Post # 1
I’m sick of this baby weight. Effing sick of it. I’m sick of Weight Watchers this time around. Sick of being hungry constantly. Sick of eating effing apples & fruit, so I’ll have JUST enough points for some semblance of dinner. Sick of “cheating” BECAUSE I’m sick of apples & fruit. I feel like crying a lot of the time. I’m NOT a nice calm hungry person. You like raw carrots? That’s great! I DON’T. I force myself to eat stuff like that, bit inside I’m screaming for an effing giant piece of cake & ice cream! Raw veggies make me want to gag. I’m tired of trying to be something I’m not, which is thin. Even when I’m “thin” I’m not thin. At the LEAST I’ve weighed in YEARS, I was still 146 & that is the TOP (literally THE highest weight) allowed for my body type & height before I’m considered “overweight”. Sure, everyone tells me “You carry it so well!” Who the hell CARES?! It’s not necessarily that I CARRY it well, it’s that I know how to DRESS to HIDE IT. I guarantee if those same people saw me in a bikini they’d be like “Oh. My bad.” EFF!!!!!!!!!!!!!!!!!!!!!!!!!
I’m SO stressed out lately. I was much more successful & disciplined on WW last time but now? Lots has changed since then, most notably having an infant, not having time to work out like I used to, being tired all the time (which also causes hunger) feeling like a run down “mom” instead of the person I used to be. I feel like I’m just going through the motions trying to lose weight. I need to lose about 25 lbs to be happy with the way I look & even then I won’t be “thin”. Thin, to me, is willowy. Like size 6 or something. It would take a year in a concentration camp for me to see size 6. My body doesn’t DO that.
I’m also stressed out because I have ZERO time to myself anymore. My job is my ME time. I can’t even take a nice relaxing bath at home IF I had time because I hate our bathroom & tub! It’s so old & gross & no amount of cleaning helps! I hate our house, the bathroom, the tub, the yard. I hate Weight watchers, not having time to myself, not being able to EAT hardly anything at all!
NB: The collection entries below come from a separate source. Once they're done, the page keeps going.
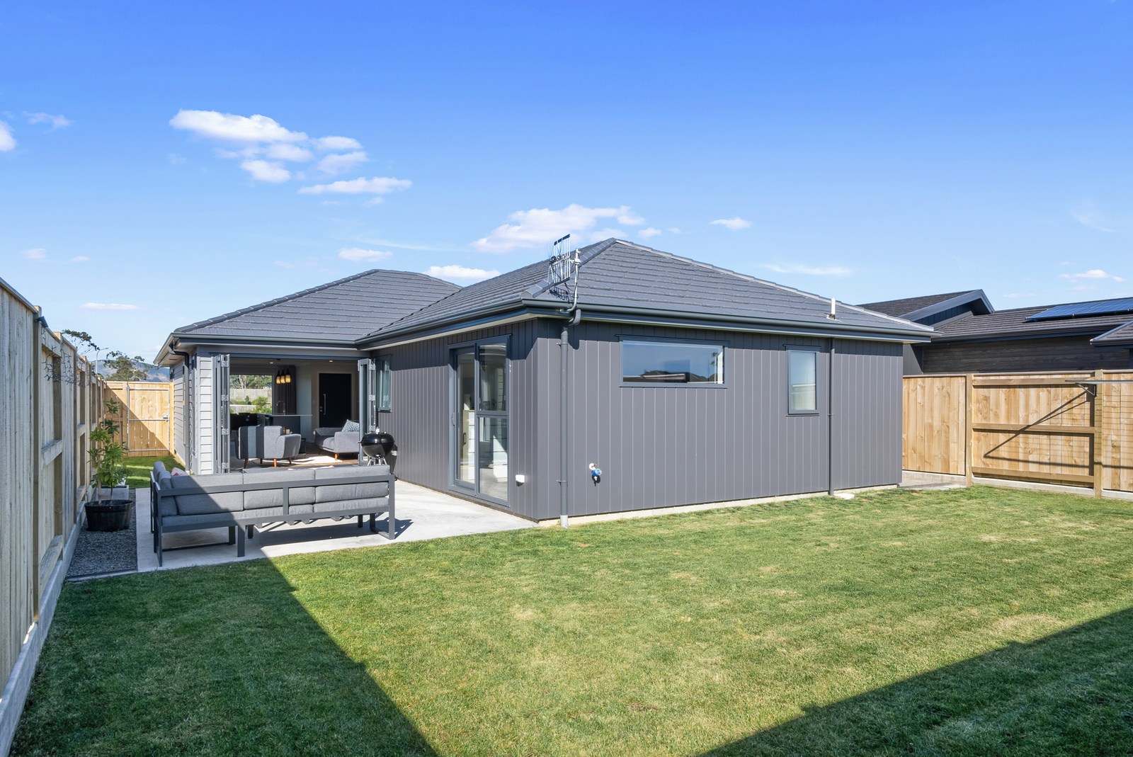 This smart, site-specific build proves that great design doesn’t demand a high price tag. Set against the backdrop of a reserve, the 149sqm home makes the most of its natural outlook, with north-facing living areas and generous glazing that floods the interior with light. At the front, crisp vertical cladding and clean lines shape a modern, low-profile form that feels both calm and confident, while a recessed entry draws you inward. Inside, the kitchen, living and dining zones are open, inviting and functional, extending effortlessly to a sheltered patio for outdoor entertaining or relaxing with family and friends.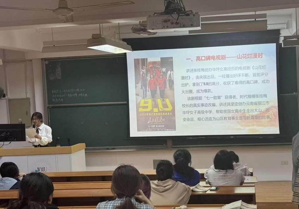 主讲人以“七一勋章”获得者、时代楷模张桂梅校长的真实事迹改编的高口碑电视剧《山花烂漫时》进行引入,讲述其坚定创办云南省丽江市华坪女子高级中学,帮助贫困女高中生走出大山、改变命运,呕心沥血为山区教育事业谱写新篇章的故事。张桂梅同志把全部身心投入到边疆民族地区教育事业和儿童福利事业,创办了全国第一所全免费女子高中,是华坪儿童之家130多个孤儿的“妈妈”。张桂梅老师办校过程中克服了缺少经费,没有学生,没有老师,缺乏经验等一系列困难,而且重大持续的压力让她患上多种疾病,而她仍然坚守在岗位上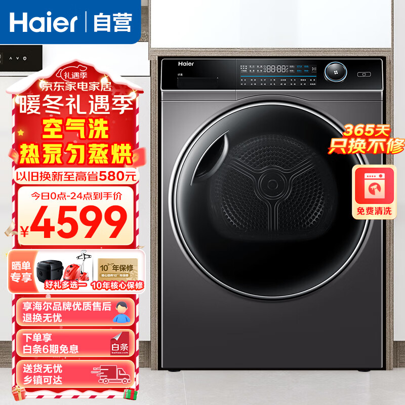 海尔(Haier)烘干机 10KG全自动 双擎热泵 正反转匀烘 衣干即停 空气洗线屑过滤价格:4599.00元!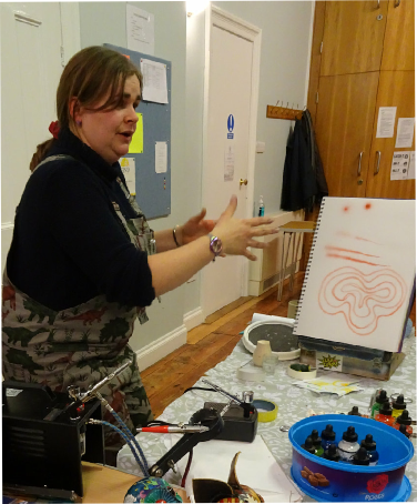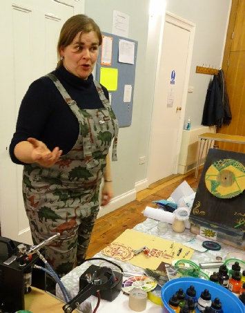 Tic Challis gave us very interesting evening showing us lots of things about air brush painting. She showed us exercises to get to grip with the basic techniques. She then showed how to spray patterns through cut outs and how to stop other parts being affected. She also showed how to take a pen apart and how to put it back together. Thank you Tic for a very interesting evening I am sure that some of us will want to have a go.

Me & hubby have been arguing about the house situation (he doesn’t think we can afford a NEW one. He’s NUTS. We absolutely CAN) & I just want the box of donuts in the break room right now! OMG HELP ME!!!!!!!!!
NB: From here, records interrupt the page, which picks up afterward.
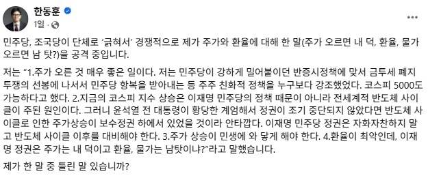 그는 8일 "민주당, 조국당이 단체로 '긁혀서' 경쟁적으로 제가 주가와 환율에 대해 한 말을 공격 중"이라며 "지금의 코스피 지수 상승은 이재명 민주당의 정책 때문이 아니라 전세계적 반도체 사이클이 주된 원인이다. 그러니 윤석열 전 대통령이 황당한 계엄해서 정권이 조기 중단되지 않았다면 반도체 사이클로 인한 주가상승이 보수정권 하에서 있었을 것이라 안타깝다"는 본인 발언에 틀린 얘기가 있느냐고 따져 물었다.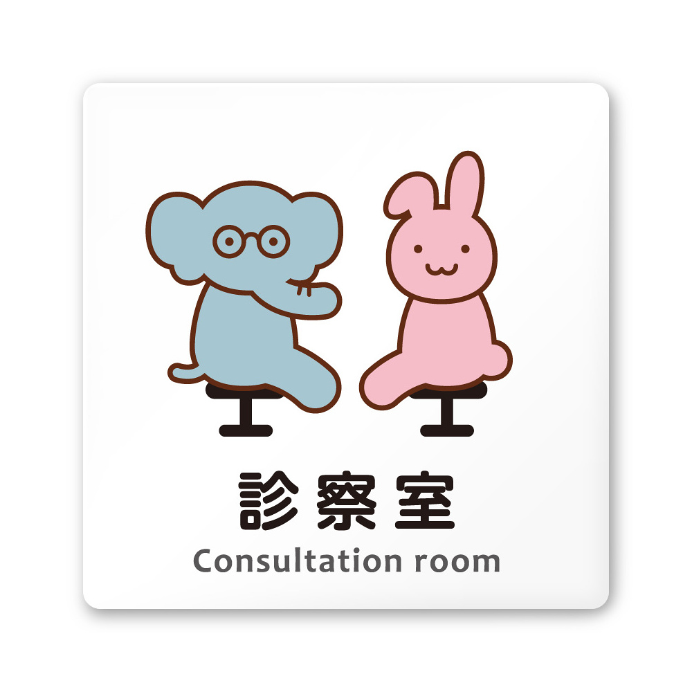 デザイナールームプレート どうぶつカラー 診察室 白マットアクリル W150×H150 (AC-1515-HA-HS2-0113)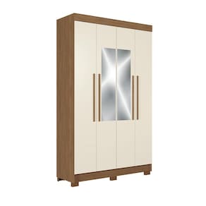 O guarda-roupa de 4 portas com espelho Homero da Estilo MM e um movel muito pratico e funcional, tendo um grande espaco para acomodar todos os pertences da familia. Suas 04 amplas portas acomodam as roupas dobradas em suas prateleiras e/ou penduradas em seus cabideiros em aluminio. Internamente, ele possui 2 amplas gavetas com corredicas telescopicas. Os puxadores sao em MDF revestidos, trazendo beleza e durabilidade ao guarda-roupa. O acabamento e em pintura fosca. O movel ja vem acompanhado de pes. Este produto e fabricado de acordo com as normas e processos sustentaveis, dentro dos padroes de preservacao do meio ambiente.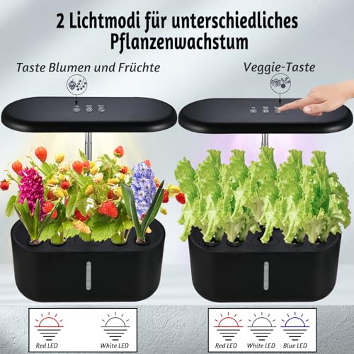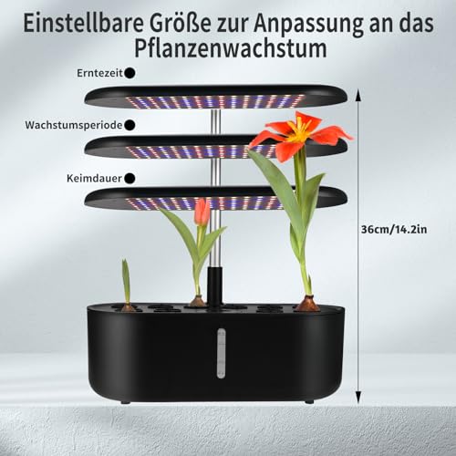 2 Anbaumodi:Unser fortschrittliches Hydroponiksystem bietet zwei verschiedene Anbaumodi, den Gemüsemodus und den Blumen-/Obstmodus.24W Vollspektrum-LED-Lichter imitieren effektiv die Sonnenstrahlen mit 104 Lichtkugeln, so dass Ihre Pflanzen reichlich und präzises Licht für eine leistungsstarke Photosynthese erhalten, egal wie das Wetter ist, so dass die Pflanzen bis zu fünfmal schneller wachsen als herkömmliche Beleuchtung • 10 Pflanzlöcher: Unser Pflanztisch verfügt über 10 Pflanzlöcher, die eine ideale Umgebung für das Gedeihen der Pflanzen schaffen • 3.6L WASSERTANK MIT GROSSER KAPAZITÄT: Hydroponikmaschine ist mit einem Wassertank mit großer Kapazität ausgestattet, so dass kein häufiges Nachfüllen von Wasser erforderlich ist. Der vergrößerte Wassereinfüllstutzen kann jederzeit bequem mit Wasser oder Nährlösung befüllt werden. Dank des transparenten Wasserstandsfensters können Sie immer sehen, wie viel Wasser noch im Tank ist und rechtzeitig Wasser nachfüllen • Automatische Wasserzirkulation: Das Smart Gardens Growing System verfügt über eine automatische Wasserzirkulation mit einer ultraleisen Pumpe, die alle 30 Minuten das Wasser umwälzt, um den Sauerstoffgehalt zu erhöhen, Wurzelfäule zu verhindern und die Nährstoffe effizient an die Wurzeln zu verteilen, damit die Pflanzen schneller wachsen als in der Erde • Ideales Geschenk: Cieex Hydroponik-Set enthält alle Komponenten, die für das Pflanzenwachstum benötigt werden, kann auf der Arbeitsplatte, Fensterbank oder Tisch platziert werden, einfach und leicht zu bedienen, können Sie leicht Ihre eigenen Indoor-Garten zu schaffen. Dies ist ein großes Geschenk Wahl für Anfänger, Familie Freunde oder Pflanzenliebhaber

Ok. I feel marginally better now. Maybe.
Post # 2
Me, too. Almost all of the above. BUT I didn’t have a baby. It’s just fat fat.
Post # 3
lol LOVE it.
I did end up eating half a donut. Then some apples, baby carrots & string cheese.
Post # 5
Maybe see a nutritionist?
Post # 6
I’m no help… I just walked into Walmart for some upholstery cleaner and walked out with 4 bags of Easter candy. WTF!?!
Post # 7
I totally relate to your feelings about WW. it was the kind of thing that worked for me in the short term (for a few months) but I just felt so deprived and hungry. I’m sure it was partly psychological, but I just can’t live my life counting calories and portion sizes. I went paleo 2 years ago and that’s been a MUCH better fit for me. I eat a lot more fat and fewer carbs now, and think I have a really healthy diet (tons of veggies, only good quality meats and fats, not “fake food”). You might consider trying something along those lines? It’s not perfect (for example, you do have to do a fair bit of cooking and if you hate veggies that’s going to be a detriment on any diet…and I still totally crave brownies and cheat regularly with chocolate) but it seems to work for a lot of people who feel deprived on calorie counting diets.
Post # 8
I’m with you. I also need to lose 25lbs of baby weight I’ve been carrying for over 6 months now.. i’m not on WW but I use myfitnesspal which pretty much has the same outcome – starves me to death. DH has been really good about watching the baby while I work out but it sucks working all day then instead of spending time with my baby, I’m screaming at Jillian Michaels on my tv. The only advice I can give you to curb your sweet tooth – i’m addicted to sugar free jello and pudding. It’s my bed time snack now. I also have skinnycow ice cream stocked away for my really rough days. Hang in there girl!
Post # 9
I was thinking more along the lines of a hypnotist.. “I’m going to count backwards from 10 & when I get to 1, you will never crave sugar or carbs agaaaiiinnn….”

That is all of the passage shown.